During the 3 day smelting about 8.000 kg of ore (iron sand) and about 13.000 kg of charcoal are fed to the smelter, producing a bloom around 1.500 kg. The ratio of ore : bloom thus is around 5 : 1, not a great value for a large-size smelter.
Here are some blooms:
Bloom (kera) produced in Japanese bloomery 
(tatara furnace)
Bloom (kera) produced in Japanese bloomery 
(tatara furnace) Blooms (kera)
produced in tatara
furnaces
Source: Internet at large
This is not clean stuff but the usual messy sponge-like conglomerate of iron / steel with all kinds of carbon concentrations plus enclosed slag, charcoal, and dirt pieces. It is certainly bigger but not necessarily better than European counterparts. It does not contain phosphorous though, due to the ore used. That is generally very good but prevents decorative pattern welding that relies on phosphorous steel for color contrast.
For a piece of not-so-great iron / steel, the bloom produced in a tatara furnace is fantastically expensive. The costs for making a tatara bloom are in the $100.000 region, about 100 times more than what you pay for the same amount of modern steel.
     
  Producing the Starting Material
The first "nihonto", the curved single-edged Japanese swords, were "koto" or old swords from around 900–1596.That time period covers 700 years and the swords forged around 900 were of course different from those made 700 years later - if not much in looks, certainly in composition.
The very early Japanese sword smith forged swords around 1000 AD in the same way some of his colleagues did that in Europe about 1000 years earlier. He made a blade from one piece of iron / steel. He might have used just one bloom but more likely he first made that one piece of iron / steel by fire welding smaller pieces.
How do I know this? From reading a few short remarks in the few contributions related to the topic that I could find in the Net. The picture below attests to this:
Japanese sword; development 
of complexity
Development of the complexity of the Japanese sword blade
Large picture
Source: http://ohmura-study.net/994.html.This is not the original source but a student paper without recognizable references (parts were written in Japanese). I could not find the source of the original picture.
Early single-piece blades are not of much interest to us at this point, so let's go for the more complex ones with a piled construction. That implies that you need at least two different kinds of steel. European pattern welded blades, for example, used carbon steel and phosphorous steel but the Japanese, being lucky, did not have to put up with problematic phosphorous steel. They thus needed to separate high and low carbon steel from the blooms they got. In Japan there was a tatara bloom and the smith (or his co-workers) now needed to do this:
  1. Sort bloom pieces into low carbon (wrought iron) and high carbon ("tamahagane"). If you have that, you can make "medium" carbon steel yourself.

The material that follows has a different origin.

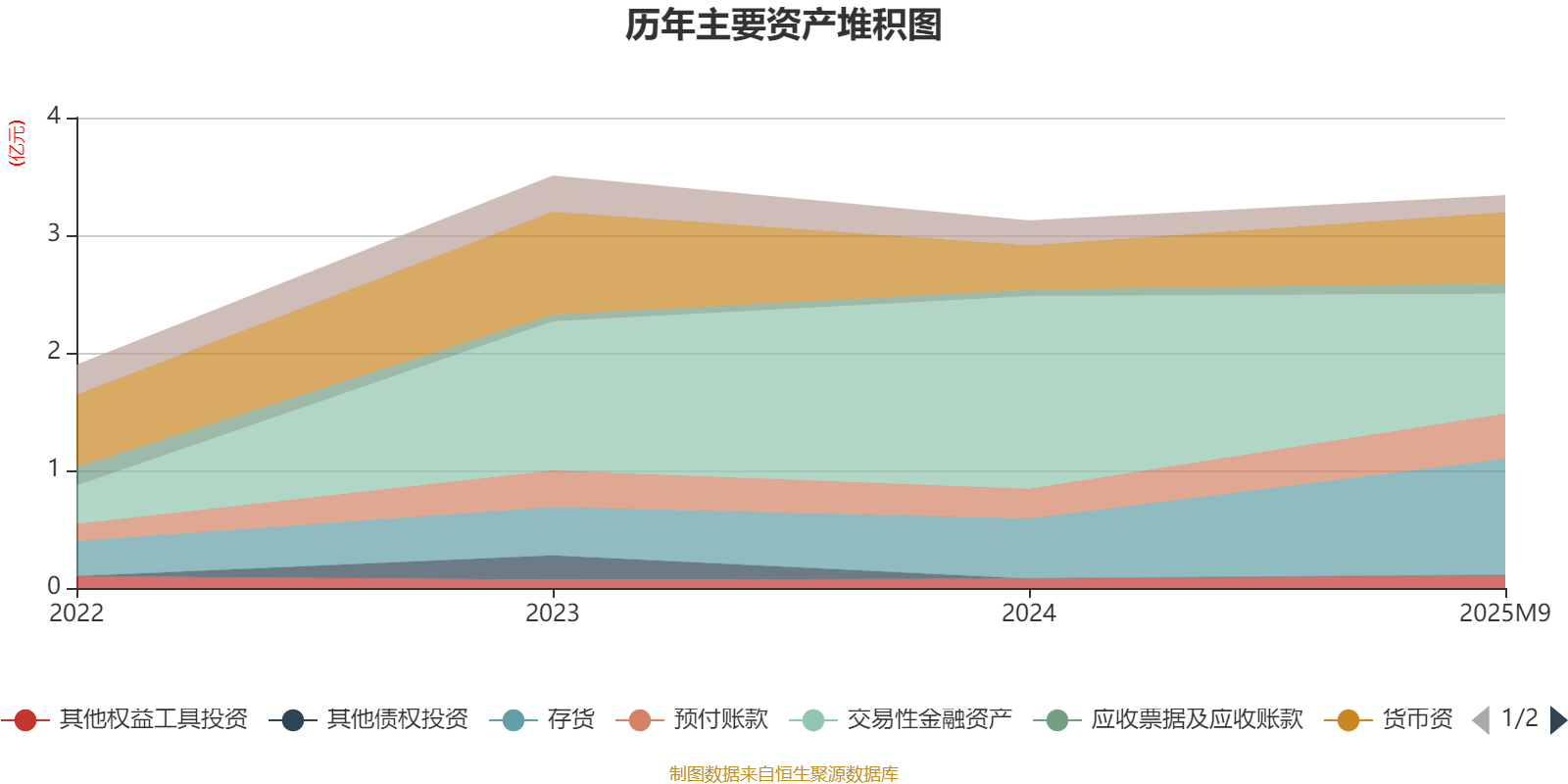 资产重大变化方面,截至2025年9月,公司交易性金融资产较上期末减少37.8%,占公司总资产比重下降21.91个百分点;存货较上期末增加93.78%,占公司总资产比重上升13.3个百分点;货币资金较上期末增加60.83%,占公司总资产比重上升6.08个百分点;预付账款较上期末增加52.37%,占公司总资产比重上升3.43个百分点。

  2. Fire weld the small pieces into a large one and faggot the large pieces extensively.
If all goes right, the smith was now in possession of two largish and halfway homogeneous lumps of different steels.
The decisive part of the first point was to find the tamahagane, the "noble steel, which is spelled as mother of metal in Japanese characters". Tamahagene is the high-carbon steel that is needed for making the hard parts of the blade. Good tamahagane contains around 1% - 1.5 % of carbon. That is a relatively large carbon concentration; too large actually for the blade to be. The extended forging, however, will lead to a reduction of the carbon concentration and you must start with concentrations higher than what you want to have in the end.

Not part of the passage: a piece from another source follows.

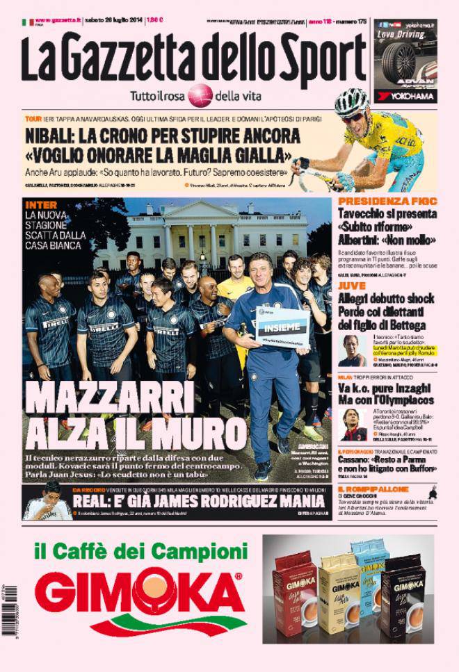 Gazzetta dello Sport, prima pagina e titoli del 26 luglio

I have already pointed out in detail that a bloomery is likely to produce carbon steel but not necessarily high -carbon steel. If conditions were chosen to encourage high carbon steel production, there was always a risk that the furnace would switch to producing (useless) cast iron. Indeed, there are reports that (undesirable) cast iron can be produced in a tatara, and that you have to pay close attention while running it for avoiding that.
Getting medium and low carbon steel was easy in comparison. That was the major product of the "civilian" iron industry; you just bought it or found it otherwise. I'm rather sure that the Japanese were running many "normal" bloomeries parallel to tataras to produce that every-day commodity.
Now let's assume that a successful smelting has been done in a tatara furnace and that a huge bloom was produced. The blade smith (or his commercial partner) now needs to bang off pieces with high carbon concentration and possibly also some with low concentration. How is that done?
Well - I don't know for sure but from what is written and a bit of logic, a number of points emerge; see also the module "tricks of Smiths":
  • Experience. You just know that the high-carbon tamahagane is on the outside of the bloom, forming part of that jagged ridge you see in the pictures above. Medium and low carbon than is found in more central regions.
  • Looks . There are differences in what the stuff looks like. I have no idea of what to look for myself but here are some pictures of tamahagane:
Japanese sword, Tamahagane steel
Tamahagane pieces
Source: Internet at large
  • Hardness . Bang away with your hammer. Hard steel -surprise! - is harder than soft steel and you feel that.
  • Brittleness. Steel with 1 % or more carbon is perfectly brittle. It will hardly change shape but will fracture if you bang it hard enough.
  • Fracture surfaces. If you managed to fracture a steel piece, the fresh fracture surface looks somewhat different for high or medium carbon concentrations.
  • Specialities. Maybe the colorful parts in the tamahagane pictures above are not seen in the other steel kinds? Maybe tamahagane rusts a bit more quickly than the low carbon steel when you sprinkle some vinegar on it? I have no idea myself about that but feel certain that there are some more tricks known to the cognoscenti.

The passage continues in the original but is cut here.